| Exercise directions |
Transcribe every line of the material below exactly, leaving out the pictures.
START Exercise data
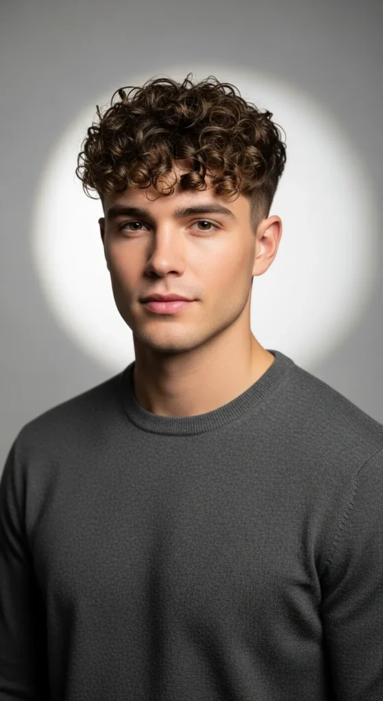 Curly fringe falling slightly over the forehead adds a relaxed yet stylish vibe. It softens facial features and gives a trendy, approachable look.
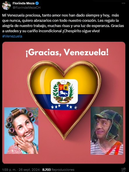 La actriz mexicana Florinda Meza, icónica por su papel de Doña Florinda en el recordado programa “El Chavo del 8”, expresó su cariño y apoyo a los venezolanos a través de su cuenta en X este jueves 26 de septiembre.
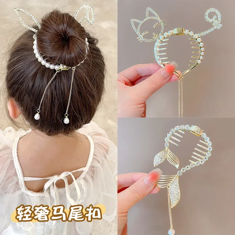 Comprar Clip con hebilla para el pelo para moño para niños, coleta para niña, accesorios para el cabello, tocado con temperamento para niña, hebilla para cola de caballo
END Exercise data
| Solution for this task |
 Curly fringe falling slightly over the forehead adds a relaxed yet stylish vibe. It softens facial features and gives a trendy, approachable look.
 La actriz mexicana Florinda Meza, icónica por su papel de Doña Florinda en el recordado programa “El Chavo del 8”, expresó su cariño y apoyo a los venezolanos a través de su cuenta en X este jueves 26 de septiembre.
 Comprar Clip con hebilla para el pelo para moño para niños, coleta para niña, accesorios para el cabello, tocado con temperamento para niña, hebilla para cola de caballo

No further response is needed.